Research Topic

Systematic Data Extraction in High-Frequency Electromagnetic Fields

Introduction and Motivation

The field of quantum chaos encompasses the study of the manifestations of classical chaos in the properties of the corresponding quantum or more generally, wave-dynamical system (nuclei, atoms, quantum dots, and electromagnetic or acoustic resonators). Prototypes are billiards of arbitrary shape. In its interior a point-like particle moves freely and is reflected specularly at the boundaries. Depending on the shape its properties could exhibit chaotic dynamics.

Within this work, microwave resonators with chaotic characteristics are simulated and the eigenfrequencies that are needed for its analysis are computed. Accordingly, the eigenfrequency analysis for determining the statistical properties requires many (in order of thousands) eigenfrequencies to be calculated and the accurate determination of the eigenfrequencies has a crucial significance. Moreover, considering that the problem is to compute a large number of eigenfrequencies, they can be often located in different ranges, i.e. left-most, right-most or interior portions of the spectrum could be sought. In many scientific and engineering applications, as well as, in computational science, this results in solving one of the fundamental problems, the large-scale eigenvalue problem. Below are listed just a few of the applications areas where eigenvalue calculations arise: acceleration of charged particles, structural dynamics, electrical networks, Markov chain techniques, combustion processes, chemical reactions, macro-economics, control theory, etc. The above-mentioned realistic applications frequently challenge the limit of both computer hardware and numerical algorithms, as the involved matrices are of large scale.

Frequency-Domain Method

Various types of numerical methods for eigenvalue determination, i.e., Jacobi–Davidson, Arnoldi, Lanczos, and Krylov–Schur, are available in different software packages: MATLAB, SLEPc, PRIMME library, Trilinos, and so on. Despite the fact that many algorithms for eigenvalue determination exist, accompanied by the numerical models that are becoming increasingly more sophisticated, not as many are specifically adapted for computing thousands of eigen pairs for matrices with dimension in excess of several millions. Thus, some numerical methods might result in an extremely time consuming simulation, along with a slow convergence and huge memory requirements. Particularly, structures with complicated geometry require a large number of grid points to achieve accurate simulation results. Finally, computing a large number of interior eigenvalues remains one of the most difficult problems in computational linear algebra today.

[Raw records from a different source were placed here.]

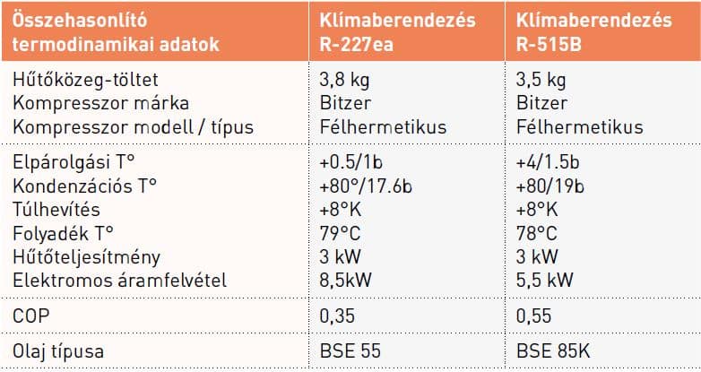 → Az R-515B megoldás előnye, hogy magas környezeti hőmérsékleten képes működni magas kritikus hőmérsékletének köszönhetően.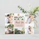 Comparte seis preciadas fotos de bodas con nuestro elegante y sencillo diseño de tarjetas de agradecimiento. Tus fotos están dispuestas en un collage alrededor de un elemento del centro rosa de color rosa que dice "gracias" en letras de guiones de caligrafía negra y pegadizas. Personalice con sus nombres debajo y agregue un mensaje preimpreso del personalizado al reverso.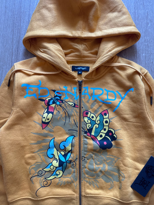 Ed Hardy Women’s Marigold Butterflies Cropped Full Zip Hoodie
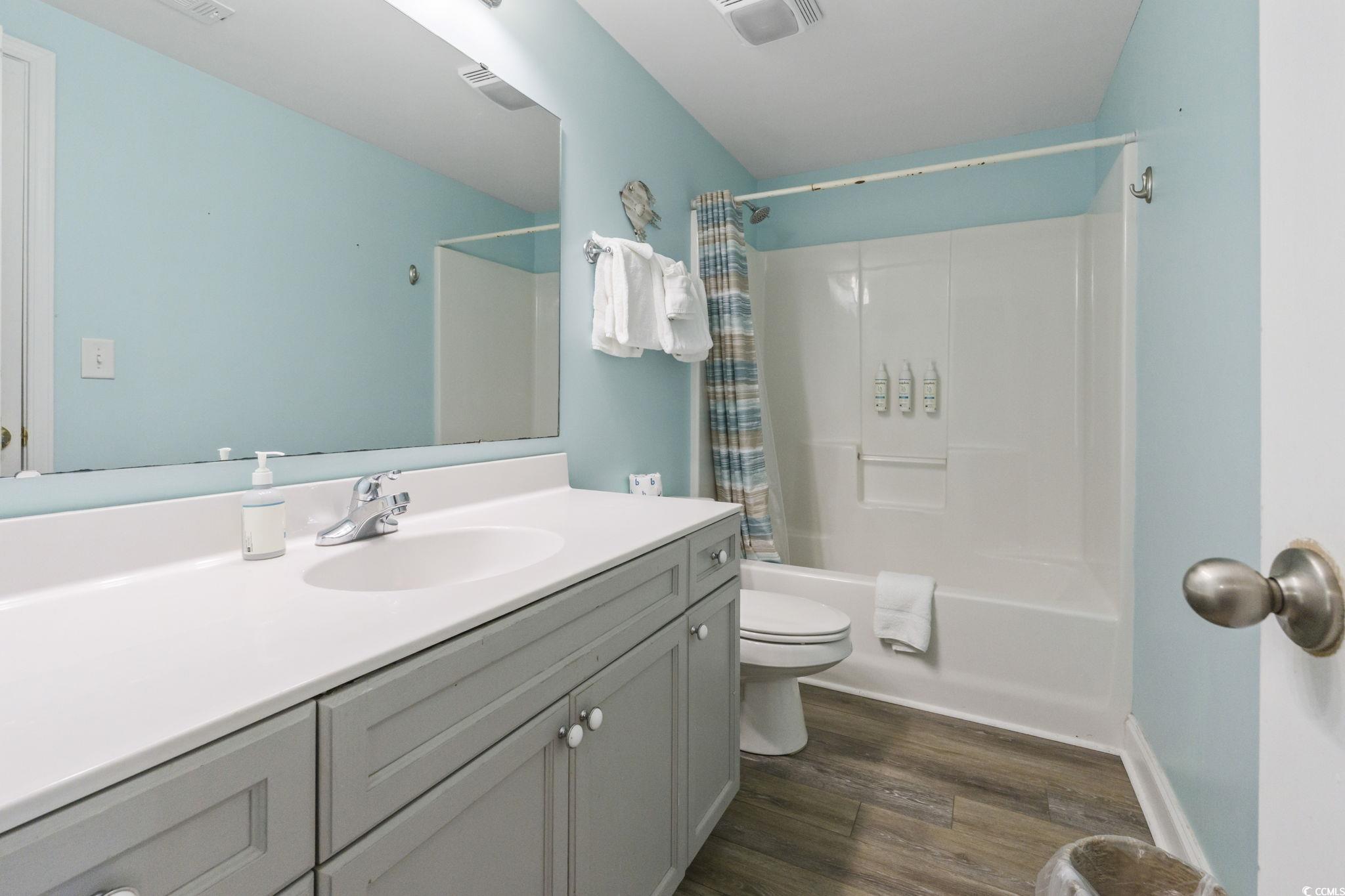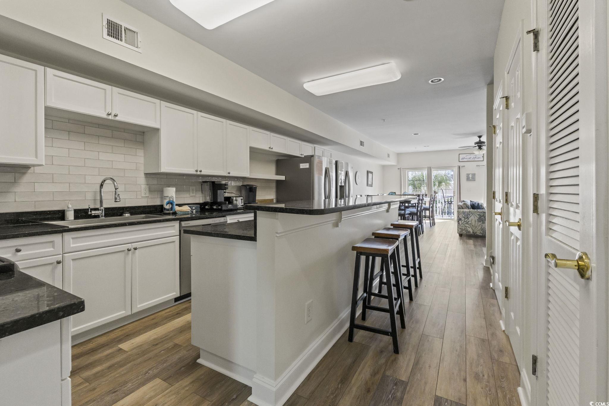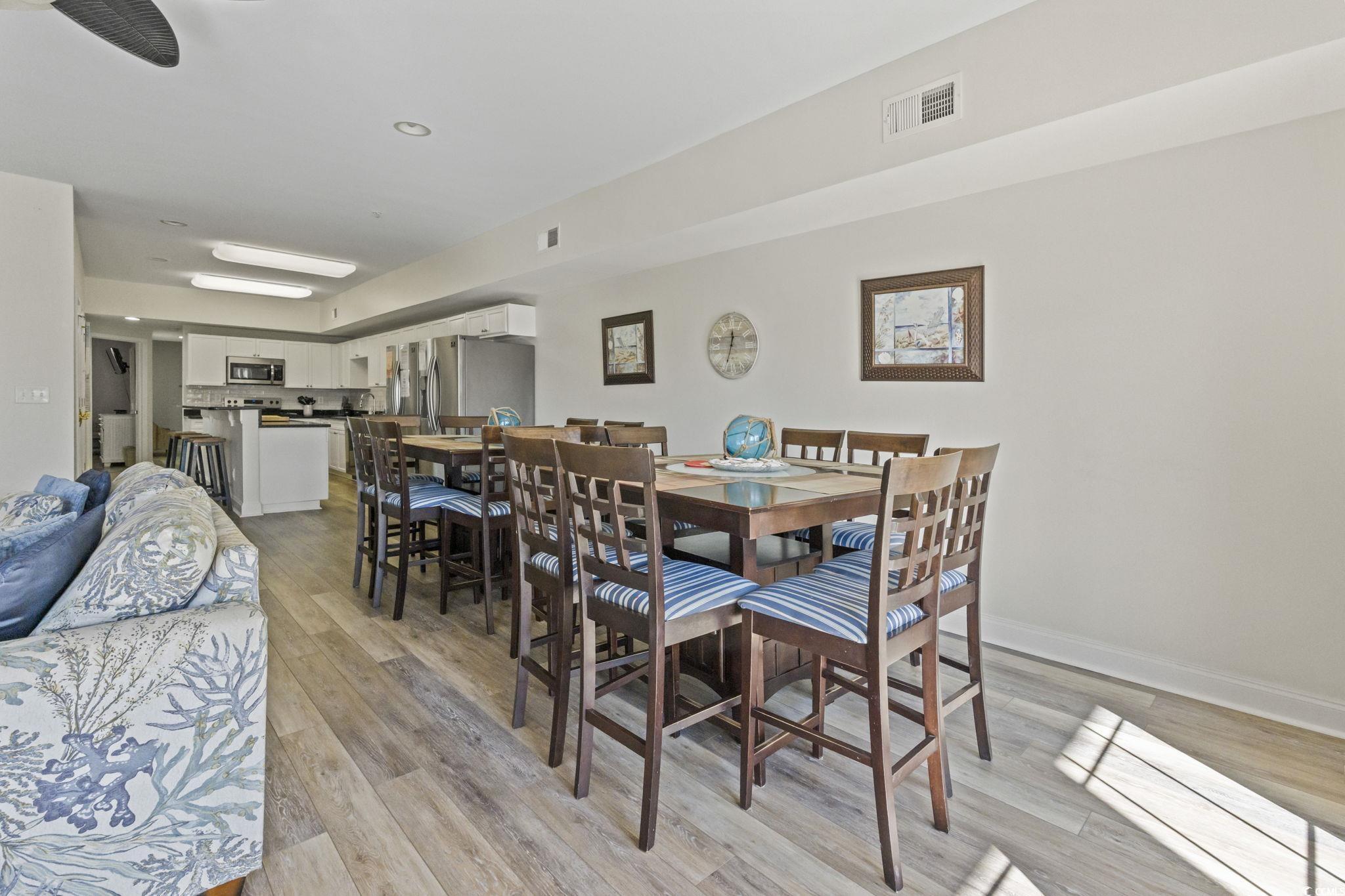 Just steps from the beach, this enormous 5 bedroom 5 bathroom two-level condo is now for sale! Designed for comfort and entertaining, this condo features an oversized kitchen with granite countertops, a beautiful tile backsplash, stainless steel appliances and two refrigerators, making it ideal for hosting family and friends or accommodating rental guests. The main level offers a large bedroom, 2 full bathrooms and of course the kitchen and main living areas. Just off the dining and living room is access to one of two huge balconies. Upstairs, enjoy a game room/second living room and the other 4 bedrooms and 3 full baths. This is where you will find the second large balcony, perfect for relaxing after a day at the beach. Residents and guests enjoy access to a private outdoor pool and grilling/picnic area, with easy beach access directly across the street. Short-term rentals are allowed, offering excellent flexibility as a primary residence, vacation home, or investment property. This condo doesn't feel like your typical shotgun style condo, it actually doesn't feel like a condo at all. When you walk into Coconut Grove 203, you feel like you're in a beach house. The best part is, you get that beach house feel for half the price and none of the exterior maintenance. Recent updates include new flooring downstairs and on stairwell, new HVAC units installed in 2023 and 2025, new kitchen backsplash and tile in the entry way. The owners have meticulously maintained this property for not only themselves, but for rental guest comfort. This property is located just a few short blocks from all the fun and top-rated dining, shopping, entertainment, and everything Main Street and North Myrtle Beach as a whole has to offer.. without the noise that comes with it. This is the ideal unit to host your large family or group of friends where everyone is comfortable. The memories here would be unforgettable. Grab this property before the rental season starts.. you can earn that summer money and enjoy the benefits of the beach life. Contact your agent today before it's too late! All information is deemed reliable and not guaranteed, buyer to verify any and all pertinent information.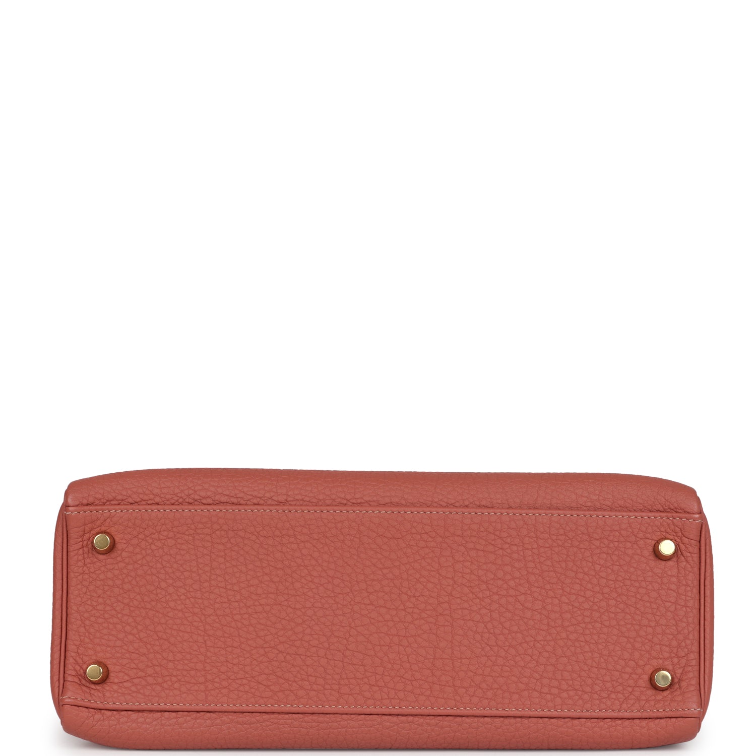 This Kelly, in the Retourne style, is of Rosy togo leather with gold hardware and has tonal stitching, a front toggle closure, a clochette with lock, two keys, a single rolled handle and removable shoulder strap.

Here, a fast approach for an accurate eigenfrequency determination is addressed, based on a finite element computation of electromagnetic fields for a superconducting cavity and further employment of the Lanczos method for the eigenvalue determination. The Lanczos algorithm with its variations is very attractive for the project necessities. The major practical advantage of this method is the tridiagonal reduction of the eigenvalue problem that yields minimal storage requirements, as do the associated algorithms for its eigenvalue and eigenvector computations. In addition, the Lanczos method takes a significant advantage over its competitors, which concentrate on individual frequency sample per iteration. Therefore, based on the project requirements, the investigations comprise efficient, robust, and accurate computations of many desired eigenfrequencies by employing a proper numerical solution of the electromagnetic problem and an efficient implementation of the Lanczos method to solve the large-scale eigenvalue problem.

Time-Domain Method

Moreover, within this work an approach for extraction of resonant frequencies given the output from time-domain computations of closed resonators is covered. The proposed approach uses the advantage that one single time-domain simulation can provide the whole response of an electromagnetic system in a wide frequency band. In addition, due to the fact that the time-domain computations in the field of electromagnetics are already highly developed and considerably more efficient, as well as the fact that the transient solver contained in CST Microwave Studio uses a high degree of parallelization provided with modern graphics processing units (GPUs) feature the simulation can be dramatically accelerated. Therefore, the time-domain responses for a wide frequency band are easily and quickly obtained. In this way, significant reduction in computation time is achieved and therefore, the high interest leads to time-domain computations for electromagnetic problems. Namely, upon excitation of the cavity, the electric field intensity is recorded at different detection probes inside the cavity. Thereafter, Fourier analysis of the recorded signals is performed and by means of fitting techniques with the theoretical cavity response model (in support of the applied excitation) the requested eigenfrequencies are extracted by finding the optimal model parameters in least square sense.

Key Research Area

Eigenvalues, eigenvectors, finite element method, signal processing.


Todorka Banova


Dolivostraße 15

D-D-64293 Darmstadt



+49 6151 16 - 24401 or 24402


+49 6151 16 - 24404




banova (at) gsc.tu...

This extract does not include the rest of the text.